On EstateSales.NET we use a small JavaScript snippet called loadCSS from the Filament Group to load our non critical CSS. This CSS contains plug-in CSS and some below the fold CSS. This asynchronously loads the CSS that is not critical for the initial rendering. Using this technique we can asynchronously load our font as well. In our base CSS file we declare our base fonts that we want the browser to initially use while the custom font is downloaded.

body {
font-family: Helvetica, Arial, 'Lucida Grande', sans-serif;
font-weight: 300;
font-size: 16px;
color: #2d2d2d;
}

This is the script that asynchronously loads our deferred CSS file. This script should be placed in the head of your html file.

function loadCSS(e, t, n) {
'use strict';
function o() {
var t;
for (var i = 0; i < s.length; i++) {
if (s[i].href && s[i].href.indexOf(e) > -1) {
t = true;
}
}
if (t) {
r.media = n || 'all';
} else {
setTimeout(o);
}
}
var r = window.document.createElement('link');
var i = t || window.document.getElementsByTagName('script')[0];
var s = window.document.styleSheets;
r.rel = 'stylesheet';
r.href = e;
r.media = 'only x';
i.parentNode.insertBefore(r, i);
o();
return r;
}
loadCSS('/deferred.css');

In our deferred.css we have the following lines:

@@font-face {
font-family: 'robotoregular';
url(data:application/x-font-woff;charset=utf-8;base64,d09GRg...
font-weight: normal;
font-style: normal;
}
body {
font-family: "robotoregular", Helvetica, Arial, "Lucida Grande", sans-serif;
}

The loadCSS script will asynchronously load our deferred CSS file and append the reference to the head of the document causing the CSS to be applied. The new rule with the robotoregular declaration with be triggered causing the browser to apply it to our page. The benefit here is while the file downloads the browser will display the text with one of the initial system fonts.

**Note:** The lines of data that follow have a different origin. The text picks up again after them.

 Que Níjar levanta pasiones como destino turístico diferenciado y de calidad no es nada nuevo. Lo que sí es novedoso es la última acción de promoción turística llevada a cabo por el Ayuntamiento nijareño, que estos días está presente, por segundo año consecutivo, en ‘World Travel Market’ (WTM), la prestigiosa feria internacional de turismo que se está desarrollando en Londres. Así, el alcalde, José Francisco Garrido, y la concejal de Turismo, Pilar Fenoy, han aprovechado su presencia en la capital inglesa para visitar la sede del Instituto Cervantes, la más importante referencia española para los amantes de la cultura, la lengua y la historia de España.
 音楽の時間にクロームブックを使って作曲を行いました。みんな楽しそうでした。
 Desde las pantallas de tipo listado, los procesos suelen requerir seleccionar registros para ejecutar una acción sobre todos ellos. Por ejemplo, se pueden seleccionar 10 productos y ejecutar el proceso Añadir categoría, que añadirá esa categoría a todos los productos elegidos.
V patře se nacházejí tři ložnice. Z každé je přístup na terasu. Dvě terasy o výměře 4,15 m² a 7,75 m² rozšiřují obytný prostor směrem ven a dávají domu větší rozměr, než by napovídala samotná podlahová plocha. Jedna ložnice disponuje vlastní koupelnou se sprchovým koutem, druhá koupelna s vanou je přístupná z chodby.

The first image you can see our font loads before render so the browser must wait until it loads before displaying text.

Network breakdown of async loading of font

In the second image is our font deferred using loadCSS. The browser can render the page with a system font until the custom font in our deferred CSS is loaded.

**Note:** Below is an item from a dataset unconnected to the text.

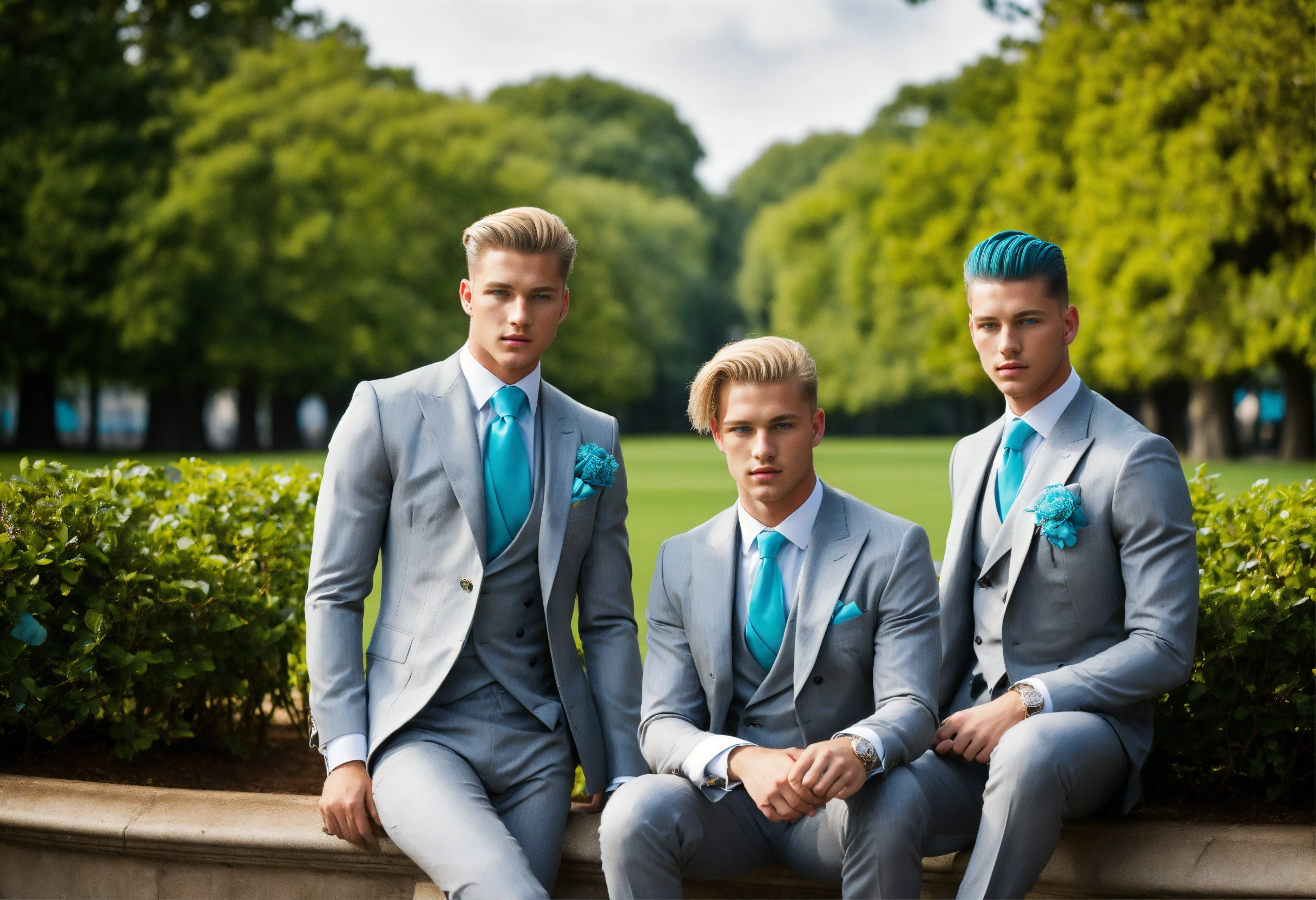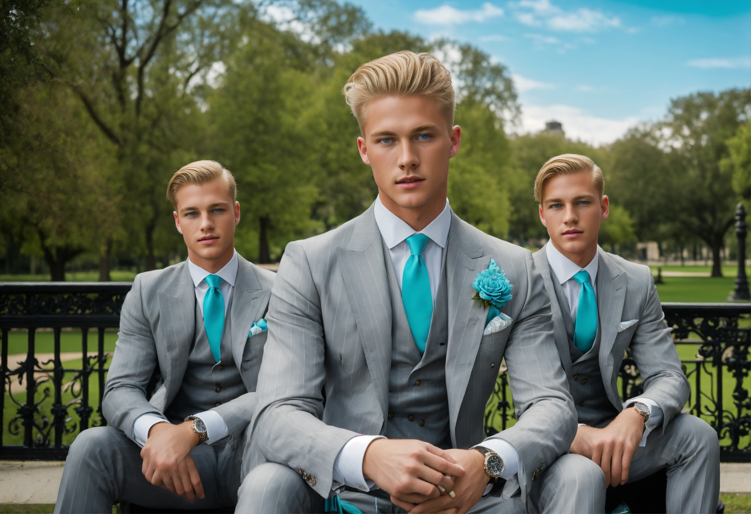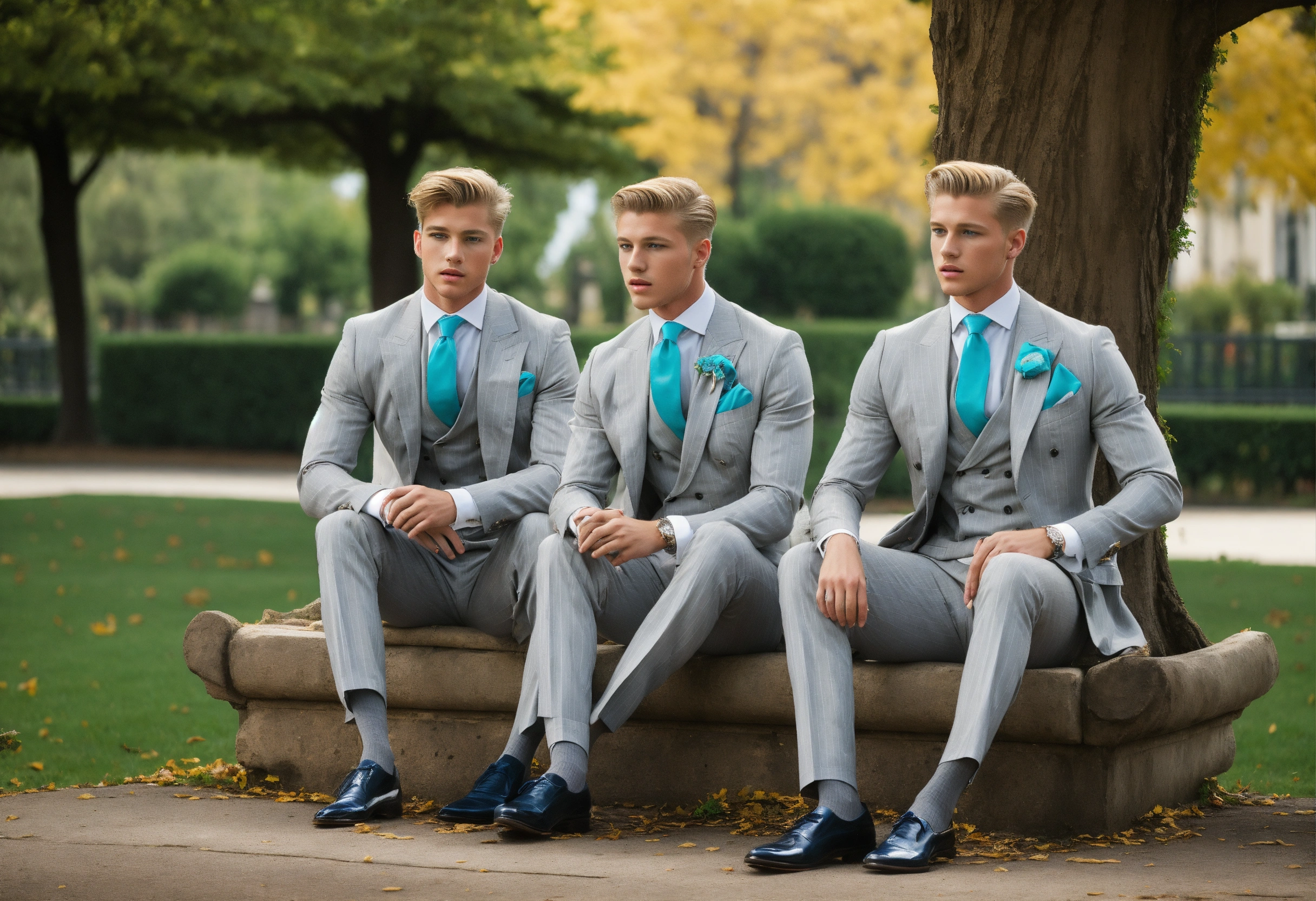 Three young blonde gentlemen in light grey pinstripe double breasted suit and turquoise tie, blue eyes and pompadour long haircut, seating in a baroque park

Network breakdown of non async loading of font

Async loading our font has really improved our first time rendering speed. There are some pros and cons to this technique. The pros are it speeds up render and is a fairly simple technique to implement. The browser will keep our CSS embedded font in cache until we trigger an update. The downsides are FOUT will occur on the first page landing. Other downsides are browser cache can be unreliable causing the font and css be re-requested causing FOUT to occur again.

FOUT is a compromise we were willing take for a faster browsing experience especially on mobile. Also our body copy font is Roboto which is not a drastic change from our fall backs such as Helvetica. This helps FOUT not be as jarring to users. If you were to use a very stylistic font it would cause FOUT to be much more noticeable.

Web fonts can be complicated at times but run tests and find the technique that works best for your use case. New proposals for a font loading API are underway that will allow you to control the font loading/rendering behavior in the browser natively using CSS. You can view the proposal here github.com/KenjiBaheux/css-font-rendering/.